**REQUIRED ACTION**
Locate "RUNDES WASSERVENTIL MIT" in the listing. Transcribe the line that contains it and every line that follows, through the last, omitting all pictures.

++++ EXERCISE DATA

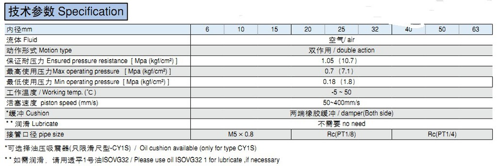 *可選擇油壓吸震器(只限滑尺型-CY1S) / Oil cushion available (only for type CY1S)
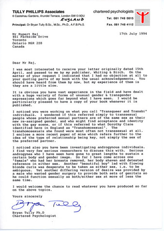 Letter from Diane Middlebrook to Rupert Raj (June 21, 1994)
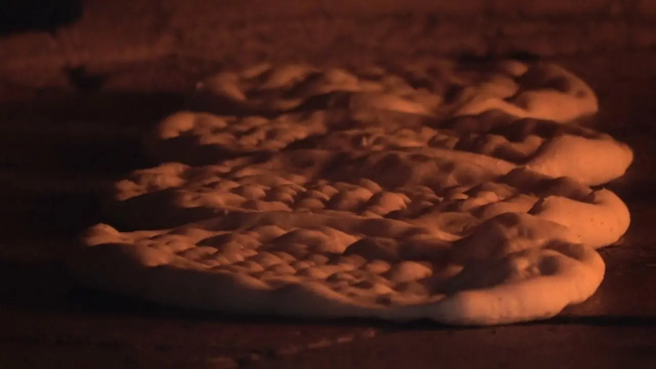 Fırın çalışanları yüksek sıcaklığa rağmen üretimi sürdürüyor. Çalışanlar işlerini severek yaptıklarını ve şükrettiklerini belirtiyor.
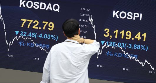 코스피와 코스닥이 세제개편안에 대한 기대감 후퇴로 4% 안팎의 큰 낙폭을 기록한 가운데 1일 서울 여의도 KB국민은행 스마트딜링룸 모니터에 코스피 종가가 표시되고 있다. 이날 코스피는 전일 대비 126.03p(3.88%) 하락한 3119.41에 마감했다. 코스닥은 전일 대비 32.45p(4.03%) 내린 772.79를 기록했다. 원·달러 환율은 달러 강세와 외국인 주식 매도에 두달 여 만에 1400원대로 급등, 서울 외환시장에서 미국 달러화 대비 원화 환율의 주간거래 종가는 전날보다 14.4원 오른 1401.4원으로 집계됐다. 신태현 기자 holjjak@ |
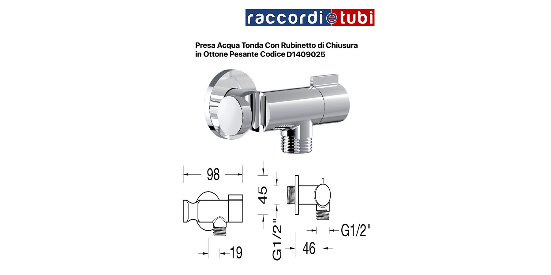 RUNDES WASSERVENTIL MIT ABSCHALTKRAN AUS VERCHROMTEM MESSING
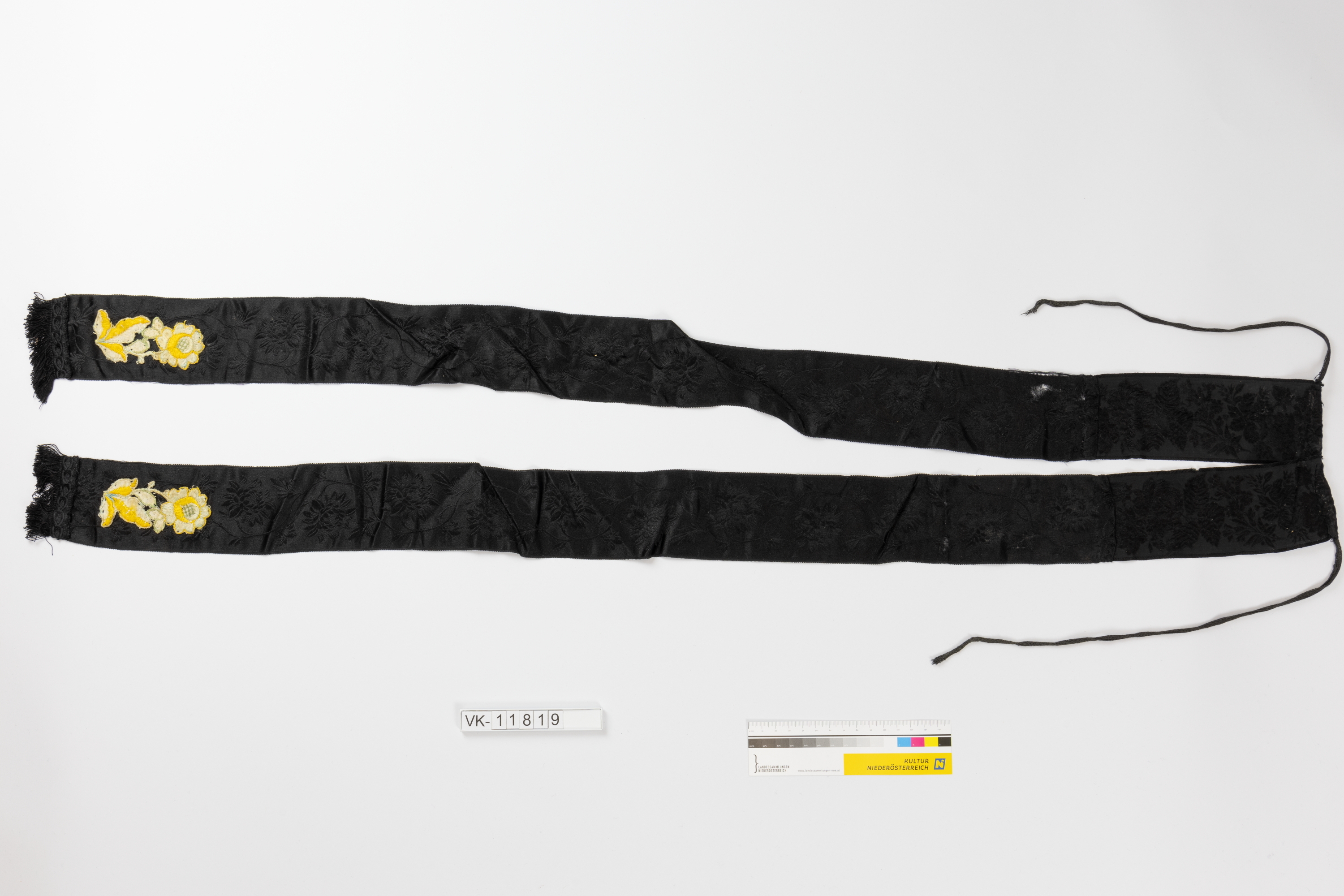 Zierband einer siebenbürgener Tracht aus schwarzem Brokatstoff, zwei Bandelementen mit je einer Blütenstickerei am Ende und einem Zugbändchen zum Anbinden.

++++++++

**ANSWER BOX**
 RUNDES WASSERVENTIL MIT ABSCHALTKRAN AUS VERCHROMTEM MESSING
 Zierband einer siebenbürgener Tracht aus schwarzem Brokatstoff, zwei Bandelementen mit je einer Blütenstickerei am Ende und einem Zugbändchen zum Anbinden.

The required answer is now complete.